• Task details
Please reproduce the lines from the one containing "糸球体でろ過され、尿細管へ流出した約100 mLの水のうち、約99 mLが尿細管周囲毛細血管へ移動します。" through the end of the data below exactly as they stand, and omit all pictures.

(Excerpts from a dataset)
:::

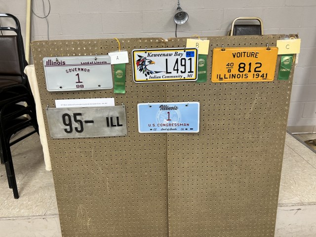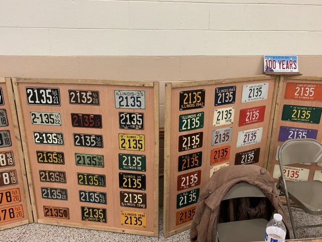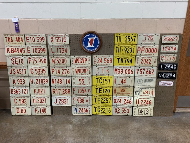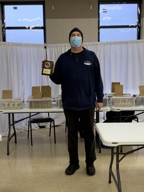 The February meet of 2021 took place Saturday, February 27, 2021, at Peotone. A total of 39 people were in attendance and there was a small assortment of individually wrapped snacks. Best Display award went to Daryl Williams for his early 100 years of Illinois plates. The Favorite Plate award went to Al Matulis, for his 1964 #64 plate. The long distance award went to Bennett Sizer from Michigan.
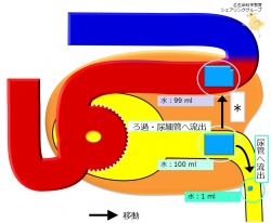 糸球体でろ過され、尿細管へ流出した約100 mLの水のうち、約99 mLが尿細管周囲毛細血管へ移動します。
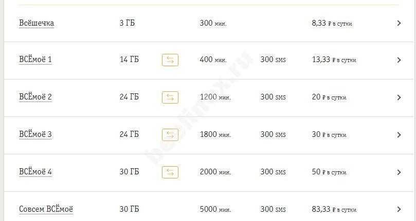- Список опций и подробная информация о тарифном плане «Мой Билайн».
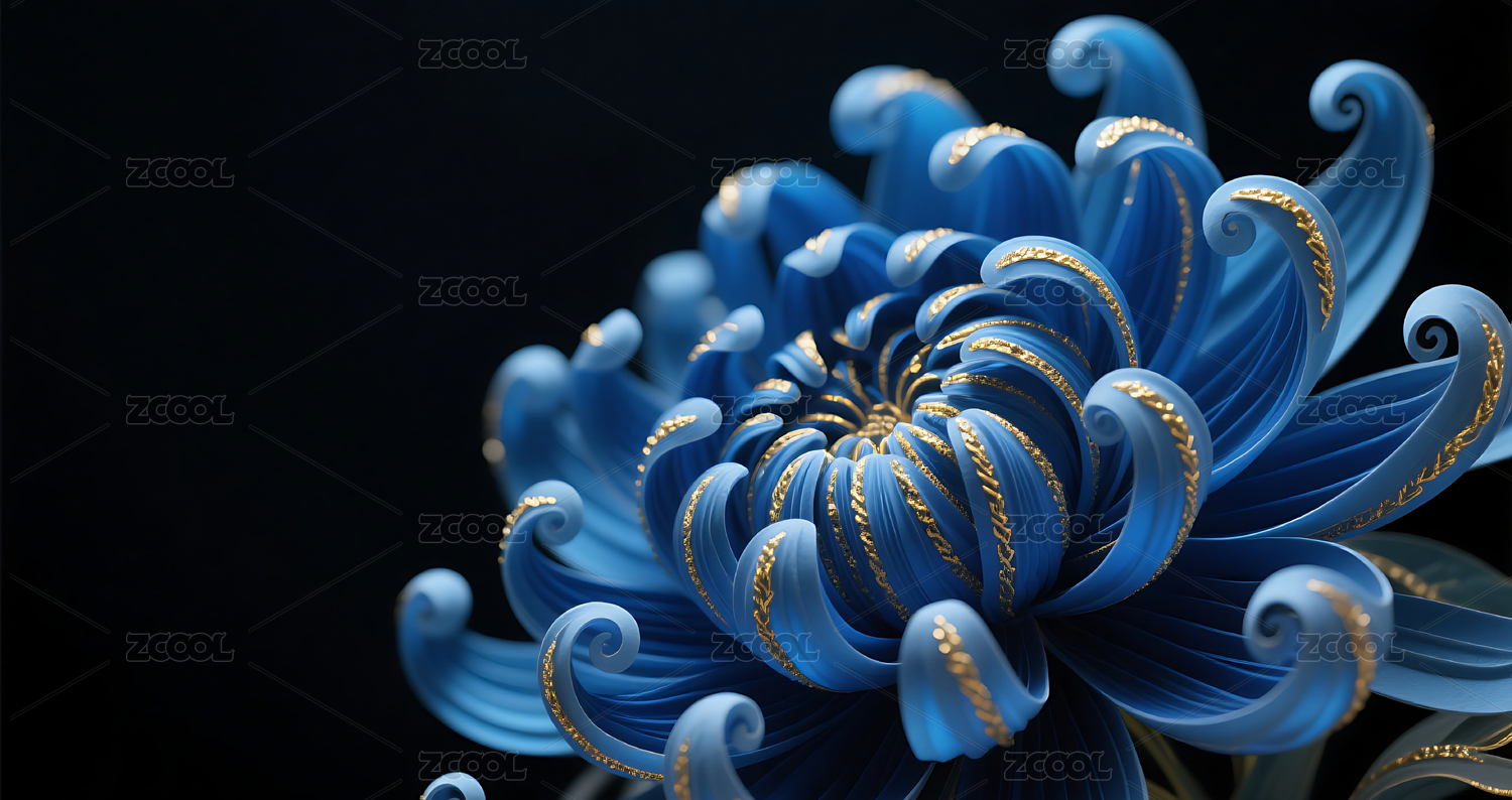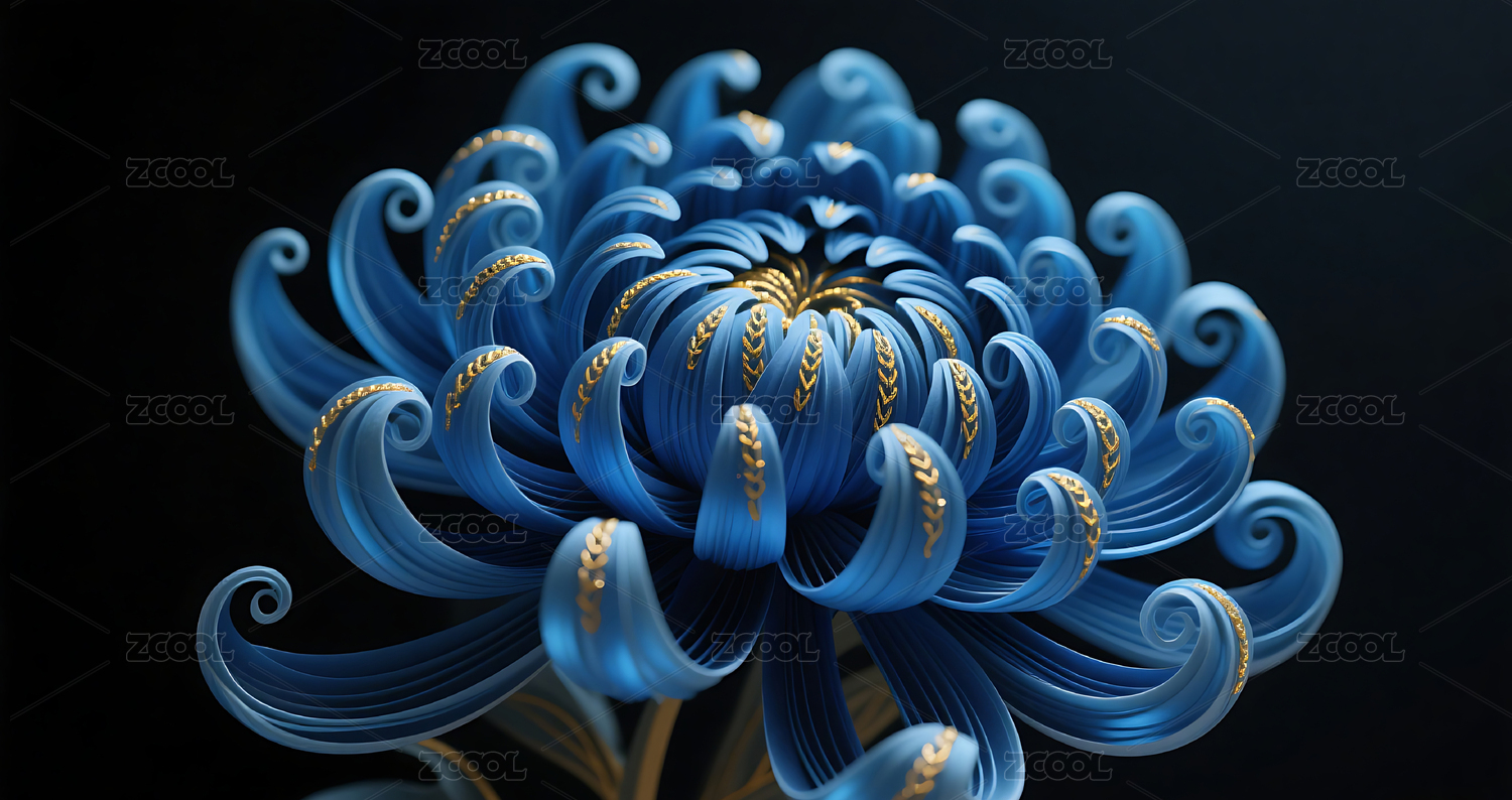 蓝色,黑色背景,金箔,卷曲,琉璃,菊花,艺术,背景,壁纸,立体
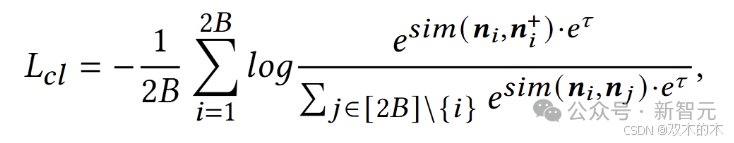 其中,𝐿𝑐𝑙表示GCL的损失,𝜏为可学习的温度参数,𝑠𝑖𝑚(𝑎,𝑏)=𝑎⊤𝑏/(∥𝑎∥*∥𝑏∥) 表示向量𝑎和𝑏的相似度。
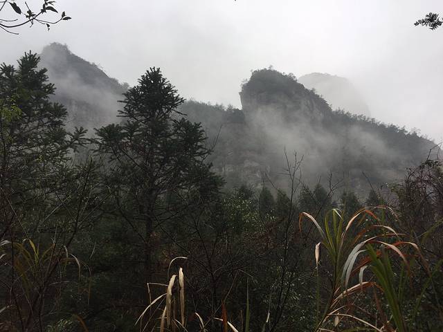我们大概走了半个小时,走着走着,前一分钟还都是雾气的,没想到马上就冒出来一座座山头,令人惊喜万分
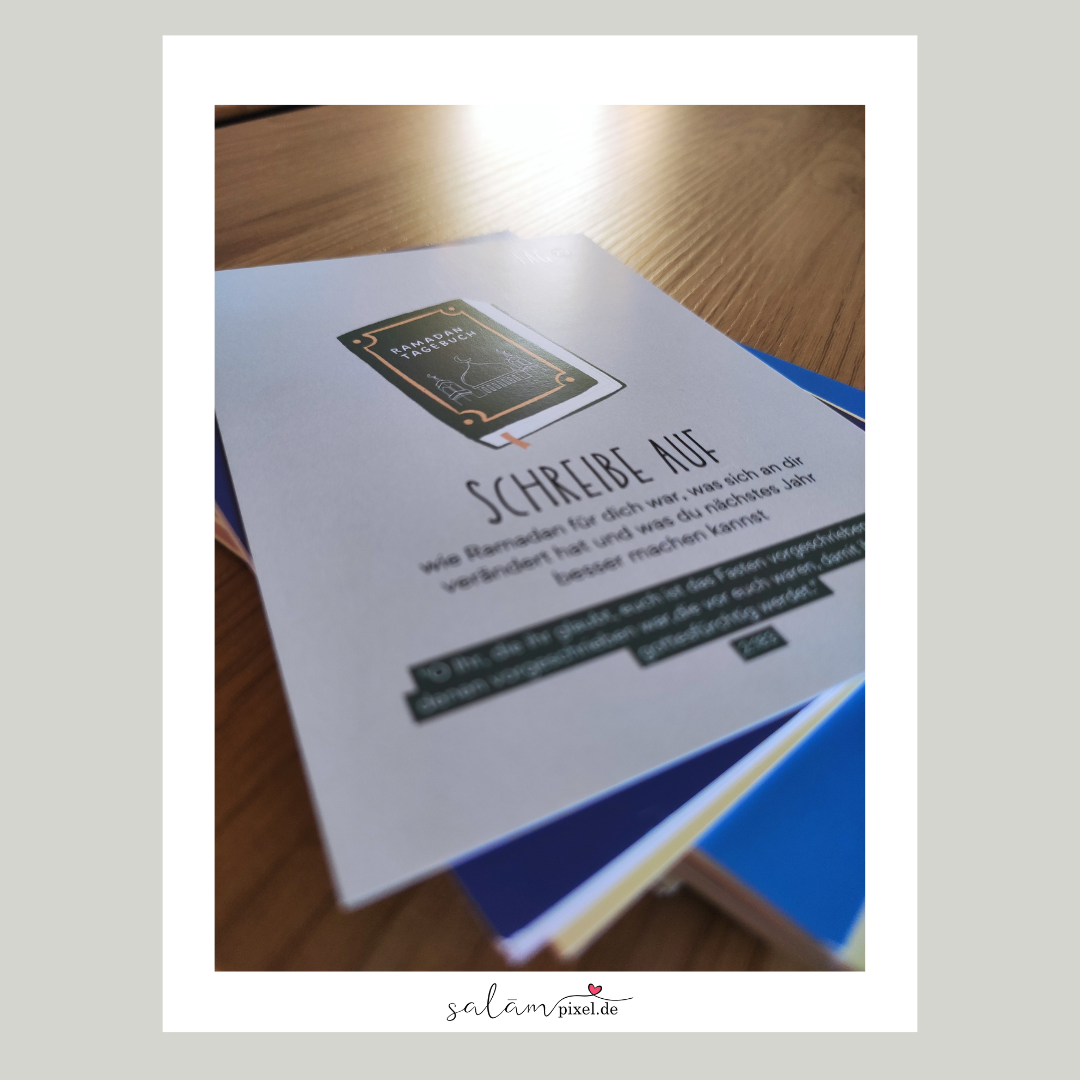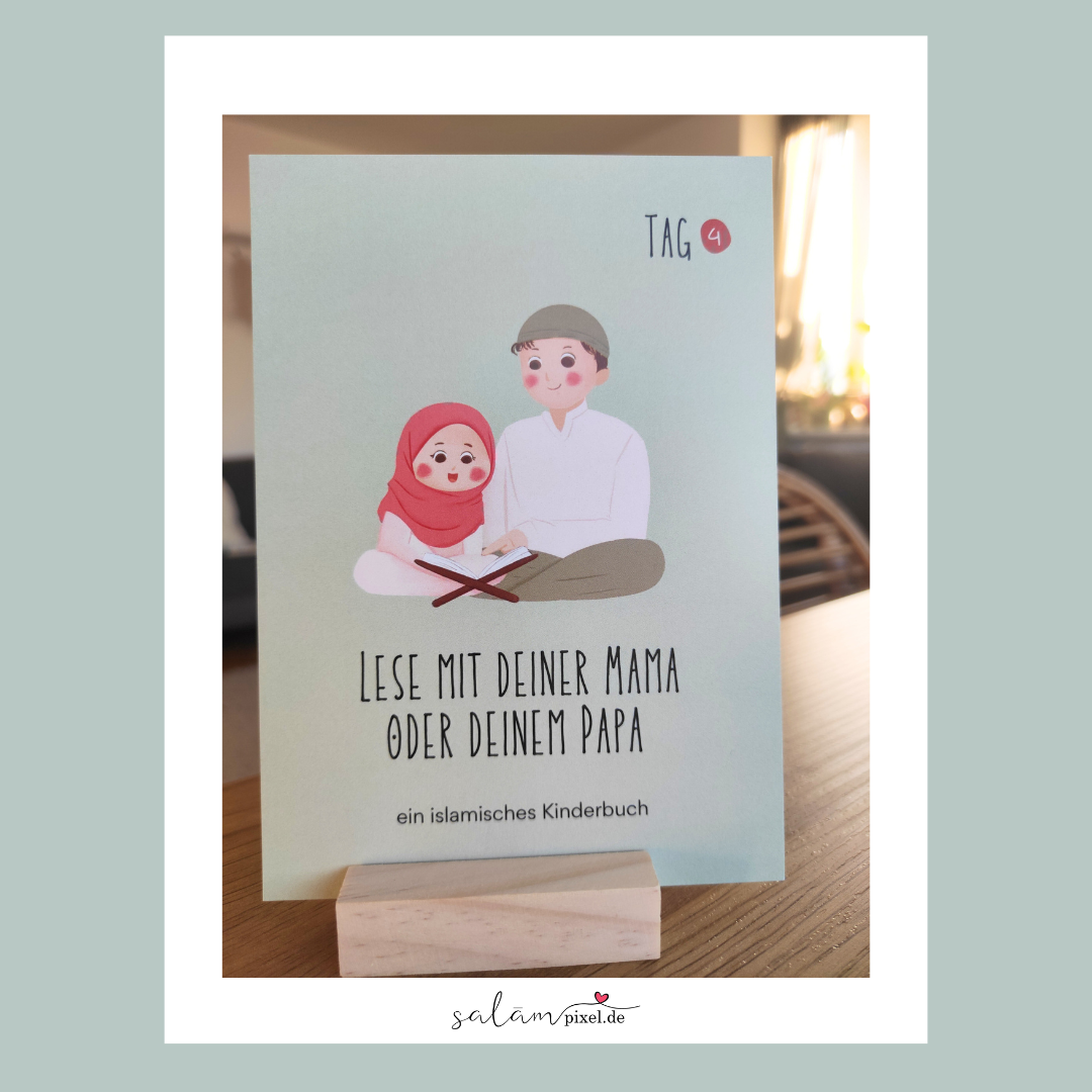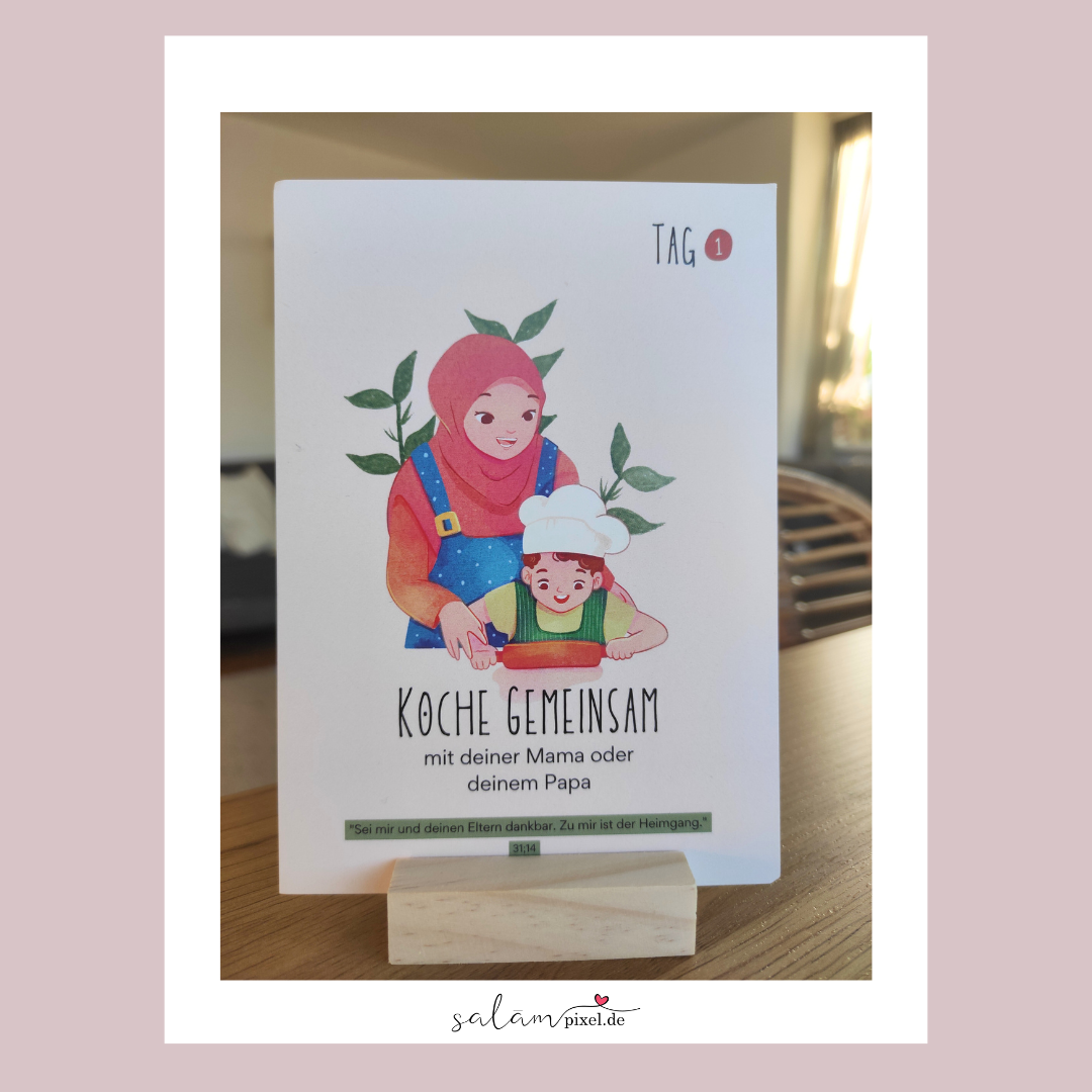 Die Ramadan Karten sind das perfekte Geschenk für Kinder. Es enthält ein 30-tägiges Aktivitätsprogramm, mit dem du und deine Kinder das Beste aus dieser besonderen Zeit herausholen kannst. Angefangen vom gemeinsamen Iftar zubereiten mit deiner Familie bis zum Auswendiglernen neuer Surahs und Duas werden diesen Karten helfen, die Verbindung zu Allah swt zu stärken und in sha Allah einen segensreichen Ramadan zu verbringen.

:::

• Result
 糸球体でろ過され、尿細管へ流出した約100 mLの水のうち、約99 mLが尿細管周囲毛細血管へ移動します。
- Список опций и подробная информация о тарифном плане «Мой Билайн».
 蓝色,黑色背景,金箔,卷曲,琉璃,菊花,艺术,背景,壁纸,立体
 其中,𝐿𝑐𝑙表示GCL的损失,𝜏为可学习的温度参数,𝑠𝑖𝑚(𝑎,𝑏)=𝑎⊤𝑏/(∥𝑎∥*∥𝑏∥) 表示向量𝑎和𝑏的相似度。
我们大概走了半个小时,走着走着,前一分钟还都是雾气的,没想到马上就冒出来一座座山头,令人惊喜万分
 Die Ramadan Karten sind das perfekte Geschenk für Kinder. Es enthält ein 30-tägiges Aktivitätsprogramm, mit dem du und deine Kinder das Beste aus dieser besonderen Zeit herausholen kannst. Angefangen vom gemeinsamen Iftar zubereiten mit deiner Familie bis zum Auswendiglernen neuer Surahs und Duas werden diesen Karten helfen, die Verbindung zu Allah swt zu stärken und in sha Allah einen segensreichen Ramadan zu verbringen.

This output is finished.